Leading up to Cannes, that prediction is already proving true. Walgreens’ retail media network announced a clean room solution with LiveRamp while Dick’s Sporting Goods is combining its audience with Roku.
Both Dick’s and Walgreens will be pitching their ads businesses on the ground in Cannes next week.
Take grocery chain Albertsons, for example. Albertsons launched its revamped ad business in 2021 and is returning to Cannes this year with a grocery-store activation that shows Albertsons’ measurement capabilities to advertisers.
“We’re here for our CPGs to grow the business,” said Liz Roche, vice president of media and measurement for Albertsons Media Collective. Rather than looking at a single campaign’s metrics, or myopic points in time, she explained, Albertsons aims to provide advertisers with the measurement they need to grow market share in their category and build longer-term momentum.

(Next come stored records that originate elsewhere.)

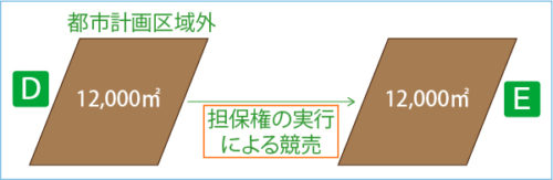 都市計画区域外においてDが所有する面積12,000㎡の土地について、Eが担保権の実行による競売を通じて所有権を取得した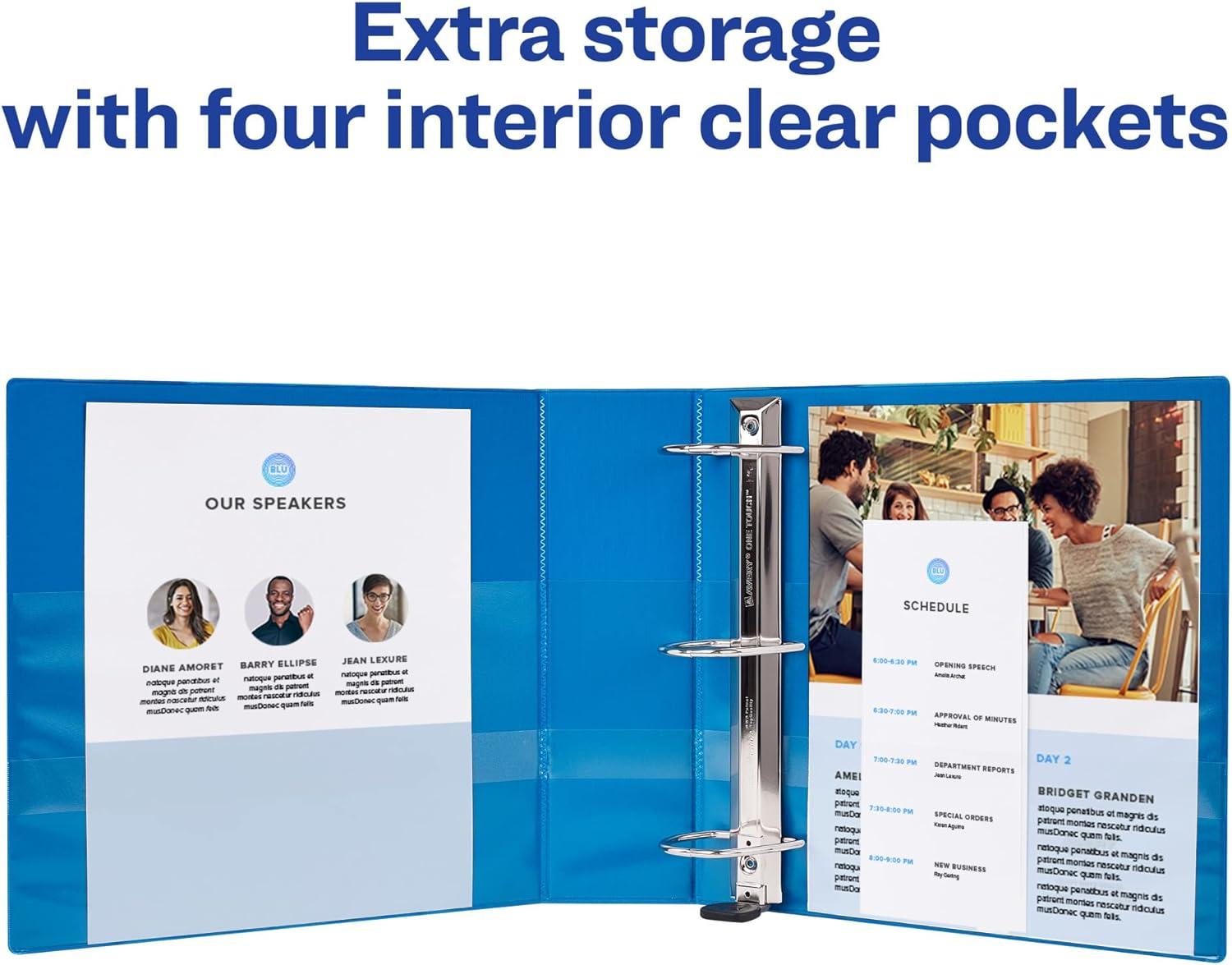 The interior of this binder is just as impressive as its exterior. With back-mounted EZD rings, your pages will never curl again. Pages lay flat and are easy to turn, while the cover opens and closes without pulling on your papers. The One Touch EZD-rings lock securely but release at the touch of a button. Enjoy extra organization and storage capabilities with four interior clear pockets made of nonstick material that won't lift or transfer ink from your documents.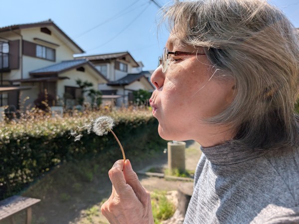 以前、まるまるした綿帽子のような綺麗な綿毛を見つけて、利用者様と綿毛飛ばしをして大笑い!!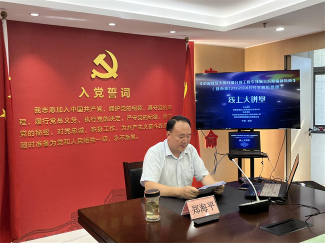 8月12日上午,陜西省建設(shè)工程質(zhì)量安全監(jiān)督總站黨支部堅(jiān)持以黨建引領(lǐng)安全方面各項(xiàng)工作,組織開展《危險(xiǎn)性較大的分部分項(xiàng)工程專項(xiàng)施工方案編制指南》線上講座。此次講座邀請(qǐng)了杭州品茗安控信息技術(shù)股份有限公司專家講師鄧文梓教授做詳細(xì)培訓(xùn),陜西省各級(jí)質(zhì)量安全監(jiān)督機(jī)構(gòu)分別在各分會(huì)場(chǎng)通過(guò)視頻直播的方式相聚云端。各施工單位、監(jiān)理單位及在建項(xiàng)目的安全管理人員、技術(shù)負(fù)責(zé)人等共計(jì)一萬(wàn)余人參與學(xué)習(xí)。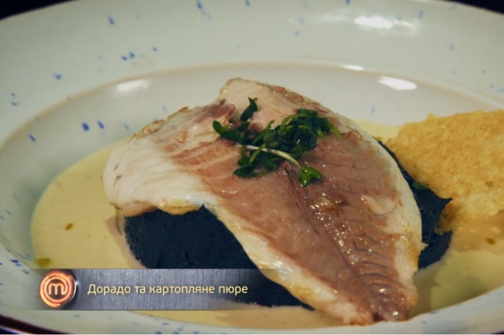Стравою для суддів сексологиня-психологиня обрала філе дорадо на картопляному пюре з трюфельною олією та чорнилами каракатиці під винно-вершковим соусом.

Retailers need to nail the basics
To some extent, retail media’s reckoning is self inflicted, said Paul Brenner, senior vice president of global retail media and partnerships at In-Store Marketplace. He said that some retailers have stumbled in areas like offsite advertising as part of their push for bigger, national ad budgets.

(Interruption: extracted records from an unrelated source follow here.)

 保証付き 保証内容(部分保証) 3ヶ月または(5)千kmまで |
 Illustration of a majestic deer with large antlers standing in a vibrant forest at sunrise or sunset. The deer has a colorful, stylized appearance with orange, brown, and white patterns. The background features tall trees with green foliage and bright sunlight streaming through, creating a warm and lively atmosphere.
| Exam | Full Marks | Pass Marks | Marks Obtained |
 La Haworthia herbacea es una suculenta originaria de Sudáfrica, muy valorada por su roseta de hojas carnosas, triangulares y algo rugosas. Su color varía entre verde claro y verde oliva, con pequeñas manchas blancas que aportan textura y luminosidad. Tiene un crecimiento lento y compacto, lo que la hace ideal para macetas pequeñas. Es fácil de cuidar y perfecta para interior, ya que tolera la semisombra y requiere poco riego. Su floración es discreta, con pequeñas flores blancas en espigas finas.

Rather than prematurely touting offsite capabilities, Brenner argued that U.S. retailers should first focus on in-store and onsite ads—similar to how retailers in the U.K. and Europe have approached retail media. Brenner said some U.S. retailers started demanding advertisers spend on offsite without first figuring out how retail media fits in with traditional shopper marketing dollars, and ensuring that the measurement and value of onsite and in-store were solid.

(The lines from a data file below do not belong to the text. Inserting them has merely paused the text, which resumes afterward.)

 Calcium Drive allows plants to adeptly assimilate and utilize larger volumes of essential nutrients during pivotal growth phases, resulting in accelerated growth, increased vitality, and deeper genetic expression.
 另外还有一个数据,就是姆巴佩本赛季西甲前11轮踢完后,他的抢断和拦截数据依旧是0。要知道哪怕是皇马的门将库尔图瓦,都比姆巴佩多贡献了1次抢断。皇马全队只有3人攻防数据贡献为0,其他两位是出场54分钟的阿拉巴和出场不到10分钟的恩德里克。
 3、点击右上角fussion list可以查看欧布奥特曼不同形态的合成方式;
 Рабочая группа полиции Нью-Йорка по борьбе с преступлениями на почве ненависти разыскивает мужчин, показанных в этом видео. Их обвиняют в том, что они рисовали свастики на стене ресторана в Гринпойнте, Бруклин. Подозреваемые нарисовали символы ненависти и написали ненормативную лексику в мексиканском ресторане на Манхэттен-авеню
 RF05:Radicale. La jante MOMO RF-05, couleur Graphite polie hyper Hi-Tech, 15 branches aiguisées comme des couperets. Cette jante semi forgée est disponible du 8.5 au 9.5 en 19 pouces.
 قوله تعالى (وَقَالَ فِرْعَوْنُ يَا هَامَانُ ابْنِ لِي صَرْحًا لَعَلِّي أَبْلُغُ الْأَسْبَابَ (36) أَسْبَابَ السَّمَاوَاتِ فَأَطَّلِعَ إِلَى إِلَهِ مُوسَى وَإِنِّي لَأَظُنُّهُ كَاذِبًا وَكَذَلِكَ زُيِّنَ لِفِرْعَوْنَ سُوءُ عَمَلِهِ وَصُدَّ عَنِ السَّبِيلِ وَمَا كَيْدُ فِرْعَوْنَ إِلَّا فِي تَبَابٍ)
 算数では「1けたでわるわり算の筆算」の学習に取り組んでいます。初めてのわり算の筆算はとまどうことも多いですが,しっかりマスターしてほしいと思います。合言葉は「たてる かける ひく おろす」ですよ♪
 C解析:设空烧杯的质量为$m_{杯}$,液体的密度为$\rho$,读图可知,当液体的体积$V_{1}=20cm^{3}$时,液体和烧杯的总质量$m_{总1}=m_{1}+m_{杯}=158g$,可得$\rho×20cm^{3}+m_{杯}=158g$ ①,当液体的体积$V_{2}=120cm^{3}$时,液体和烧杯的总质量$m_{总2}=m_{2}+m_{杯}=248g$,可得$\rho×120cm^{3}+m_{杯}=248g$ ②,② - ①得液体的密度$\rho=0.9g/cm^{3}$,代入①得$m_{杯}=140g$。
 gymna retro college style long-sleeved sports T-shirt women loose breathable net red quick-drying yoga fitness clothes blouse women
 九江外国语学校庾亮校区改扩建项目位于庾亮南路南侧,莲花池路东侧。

These problems are giving advertisers more power over their relationships with retailers, Brenner said. For decades, advertisers have funded media dollars to retailers, partly due to fears that retailers may either stop selling their products or make it hard for consumers to find their products if they don’t pay for advertising. As retailers up their advertising asks from brands, Brenner sees an opportunity for brands to have the upper-hand.
“The brands are the leverage,” Brenner said. “The RMNs might think they have it. They don’t.”
Advertisers want buying to be simpler, including a programmatic option, and they want to know that their ads drive sales, Brenner said.
When retailers don’t meet those requests, advertisers start to throw their weight around.